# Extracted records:
- - -
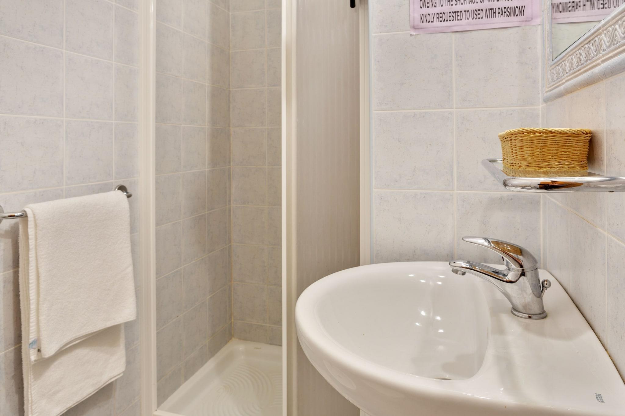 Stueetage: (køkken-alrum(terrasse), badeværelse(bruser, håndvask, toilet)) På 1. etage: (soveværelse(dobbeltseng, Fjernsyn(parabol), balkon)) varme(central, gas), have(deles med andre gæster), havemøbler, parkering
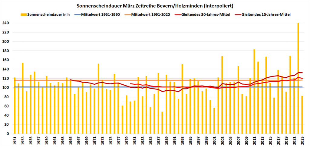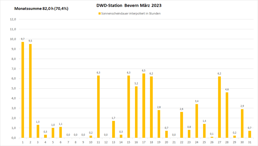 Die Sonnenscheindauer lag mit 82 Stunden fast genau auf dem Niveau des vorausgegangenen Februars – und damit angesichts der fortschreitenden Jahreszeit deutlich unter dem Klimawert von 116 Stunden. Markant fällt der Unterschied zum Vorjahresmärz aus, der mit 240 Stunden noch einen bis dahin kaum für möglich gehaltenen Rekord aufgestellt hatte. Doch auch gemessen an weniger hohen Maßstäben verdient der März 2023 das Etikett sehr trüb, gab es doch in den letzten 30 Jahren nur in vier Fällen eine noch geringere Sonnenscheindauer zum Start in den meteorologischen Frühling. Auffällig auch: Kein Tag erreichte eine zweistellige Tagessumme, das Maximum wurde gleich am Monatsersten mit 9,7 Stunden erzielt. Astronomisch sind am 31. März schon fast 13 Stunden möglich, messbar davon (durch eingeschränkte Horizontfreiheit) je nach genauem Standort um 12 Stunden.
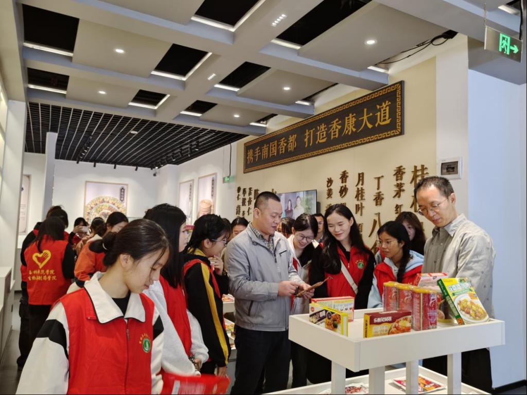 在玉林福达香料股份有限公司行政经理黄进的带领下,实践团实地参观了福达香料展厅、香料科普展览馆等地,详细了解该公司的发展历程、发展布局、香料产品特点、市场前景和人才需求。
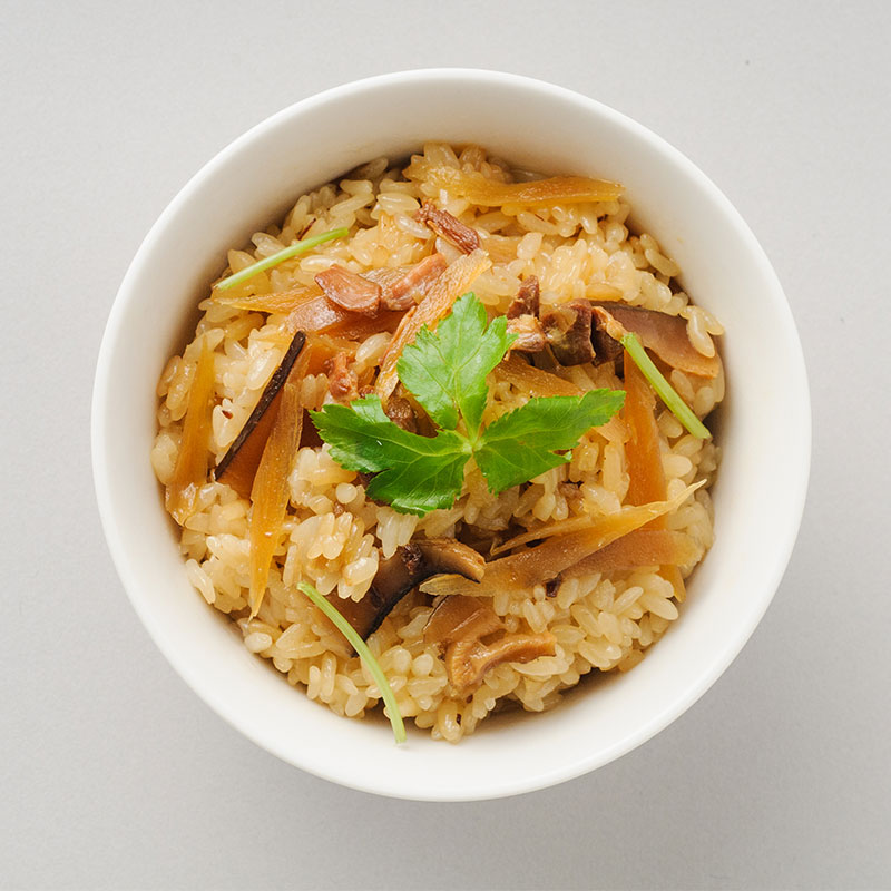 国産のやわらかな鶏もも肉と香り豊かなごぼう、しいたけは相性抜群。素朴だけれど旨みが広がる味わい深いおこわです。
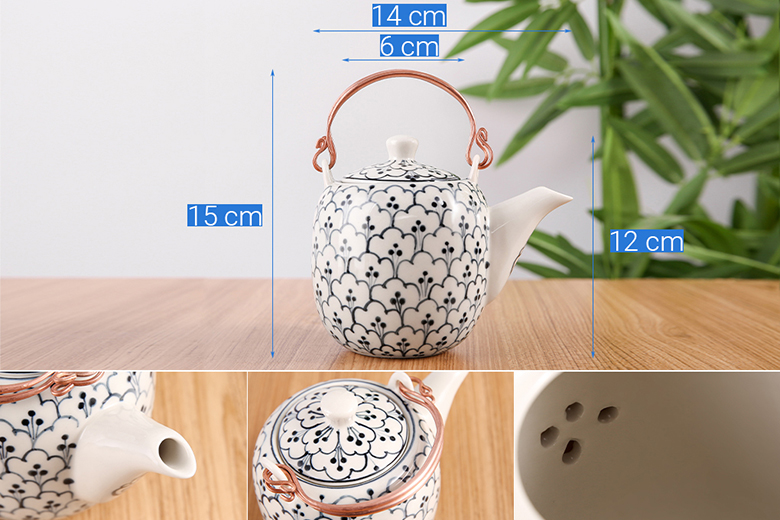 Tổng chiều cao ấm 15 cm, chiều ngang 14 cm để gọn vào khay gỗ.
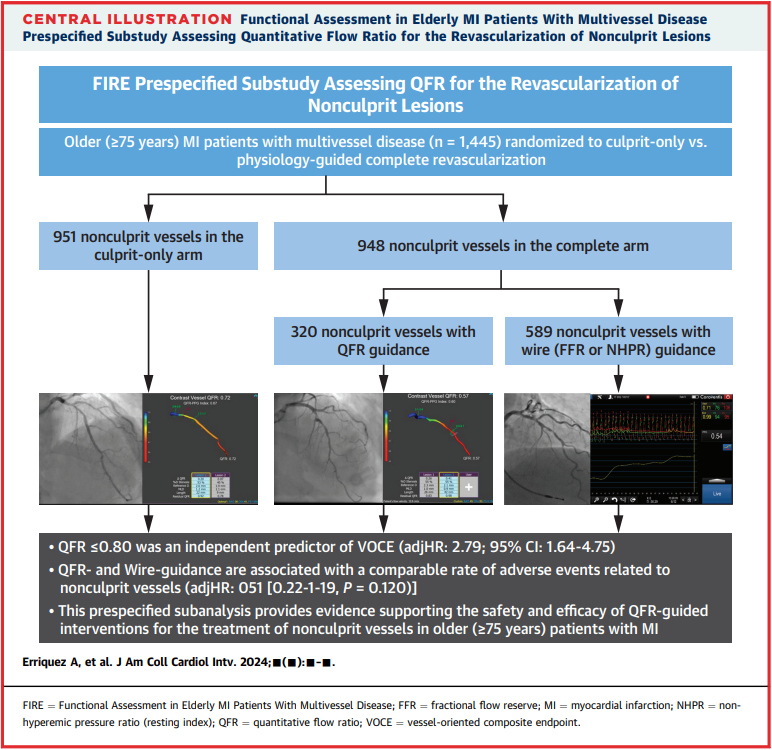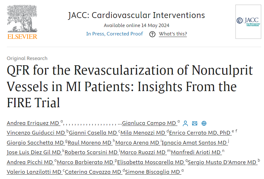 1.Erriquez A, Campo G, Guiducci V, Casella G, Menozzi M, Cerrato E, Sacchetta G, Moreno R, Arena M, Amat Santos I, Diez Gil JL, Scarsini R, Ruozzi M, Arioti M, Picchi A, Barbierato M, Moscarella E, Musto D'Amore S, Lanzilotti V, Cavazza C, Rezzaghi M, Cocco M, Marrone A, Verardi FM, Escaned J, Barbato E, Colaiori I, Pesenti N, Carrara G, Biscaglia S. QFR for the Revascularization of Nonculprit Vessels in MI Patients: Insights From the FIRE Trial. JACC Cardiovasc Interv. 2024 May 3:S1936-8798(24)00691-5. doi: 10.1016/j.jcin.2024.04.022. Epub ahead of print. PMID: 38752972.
- - -
# WHAT THE EXERCISE ASKS:
Give back exactly the lines above from the one with "国産のやわらかな鶏もも肉と香" through the one with "Tổng chiều cao", both included. Pictures don't belong in the copy.

# SOLUTION:
 国産のやわらかな鶏もも肉と香り豊かなごぼう、しいたけは相性抜群。素朴だけれど旨みが広がる味わい深いおこわです。
 Tổng chiều cao ấm 15 cm, chiều ngang 14 cm để gọn vào khay gỗ.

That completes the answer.